With the recent rapid development of deep learning, CNNs have become a new approach for feature representation and greatly improved the performance of object detection [44]. Current CNN-based object detection algorithms could be roughly divided into two streams: the region-based CNN (R-CNN) methods (e.g., R-CNN, Fast R-CNN and Faster R-CNN) and the region-free methods (e.g., you only look once (YOLO) and single shot multi-box detector (SSD)) [16,17,18,19,20]. For each input image, R-CNN firstly extracts around 2000 region proposals using selective search algorithm. Then, it computes features for each proposal using a large CNN, followed by classifying each region using class-specific linear SVMs [16]. Since CNN could extract deep features, the R-CNN outperforms other handcrafted features-based methods by a large margin on the ImageNet Large Scale Visual Recognition Challenge 2013 (ILSVRC2013). Fast R-CNN builds on R-CNN, but replaces the SVM classifier with a region of interest (RoI) pooling layer and some fully connected (FC) layers to classify region proposals and adjust the position of region proposals, which not only improves training and testing speed, but also increases detection accuracy [17]. Faster R-CNN uses region proposal network (RPN) to generate high-quality region proposals. Then, these region proposals are used by Fast R-CNN for detection. RPN shares full image convolutional features with the detection network, thus enabling nearly cost-free region proposal generation [18]. The region-based methods utilize a classifier to perform object detection. By contrast, the region-free methods such as YOLO frame object detection as a regression problem so that a single network could predict bounding boxes and associated classes directly [19]. This method is extremely fast. SSD also considers object detection as a regression problem, but small convolutional filters are applied to feature maps to predict category scores and box offsets rather than fully connected layers. Besides, feature maps of different scales are used to make predictions of multi-scales, so the detection accuracy is greatly improved compared with YOLO [20].
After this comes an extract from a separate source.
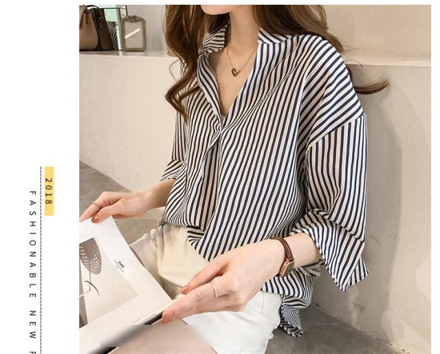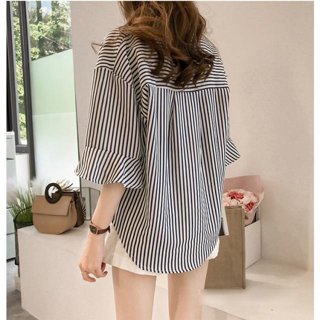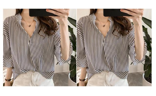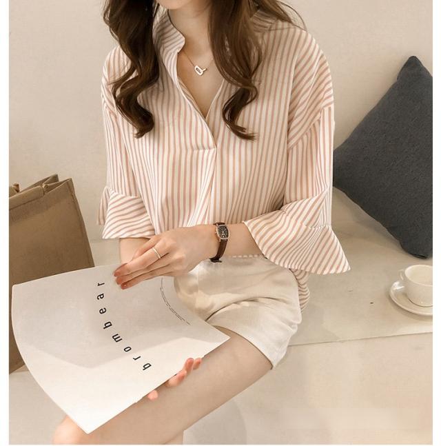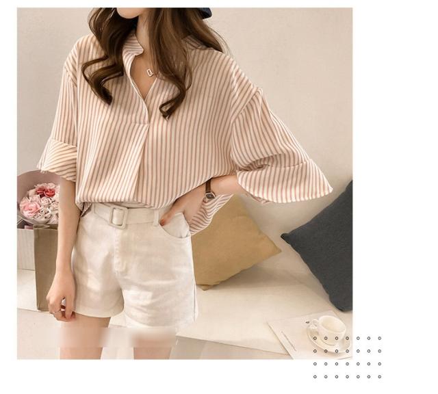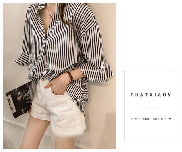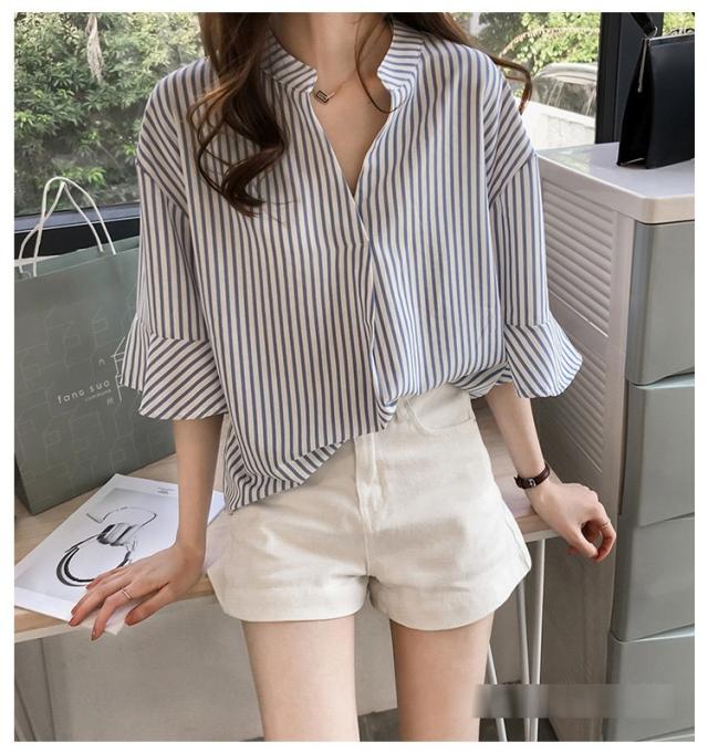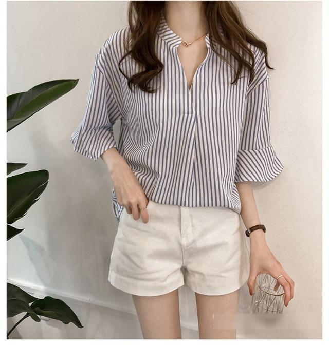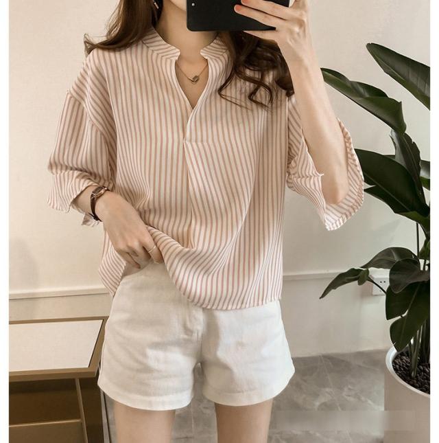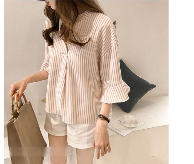 ブラウス オシャレ 春夏 オシャレフォーマル ブラウス vネック シャツ ボーダーブラウス レディース ブラウス トップス ゆったり 通勤 OL大人 五分袖ブラウス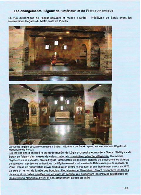 Текстът на Отвореното писмо на френски може да се види тук: APPEL AU SAUVETAGE DU PANTHEON DE LA LIBERTE BULGARE l’église-ossuaire et musée Svéta Nédélya de Batak

It is important to note that these CNN-based object detection methods were designed somewhat specifically for general object detection challenges, which is not suitable for geospatial object detection in HRS images [45]. Besides, to handle the problem of multi-scale objects and small objects, some methods like Fast R-CNN and Faster R-CNN achieve this by up-sampling the input image at training phase or testing phase. It significantly increases the memory occupation and processing time. In this paper, we propose a multi-scale CNN for geospatial object detection. The main contributions of this paper are summarized as follows:

(1): A unified multi-scale CNN is proposed for geospatial object detection in HRS images. Objects with extremely different scales could be more efficiently detected than the state-of-the-art methods.
(2): A modified base network is designed to generate feature maps with high semantic information at each layer. Since feature maps of different layers can be assigned to objects of specific scales, the detection performances at all scales are correspondingly improved.
(3): An optimized object proposal network is presented to produce better object proposals. By adding multi-scale anchor boxes to multi-scale feature maps, the network could generate object proposals exhaustively, which could improve the recall rate of the detection. By adding proposal score layers behind the multi-scale feature maps, the network could suppress most of the negative samples, which could improve the precision of the detection.

The proposed method is evaluated on a publicly available remote sensing object detection dataset and then compared with several state-of-the-art approaches. The experimental results demonstrate the effectiveness and superiority of our method.

The rest of this paper is organized as follows. Section 2 presents the methodology of our multi-scale CNN, which consists of the multi-scale object proposal network and the multi-scale object detection network. Section 3 presents the dataset description and experimental details. Section 4 and Section 5 present the analysis of the experimental results and a discussion of the results, respectively. Finally, the conclusions are drawn in Section 6. Important terms and their abbreviations are provided in Table 1.

2. Methodology

Figure 2 provides an overview of the technical workflow, which displays the components of the multi-scale CNN. The proposed network consists of a multi-scale object proposal network and a multi-scale object detection network, both of which share a multi-scale base network for feature map generation. Details of these networks are provided in the following content.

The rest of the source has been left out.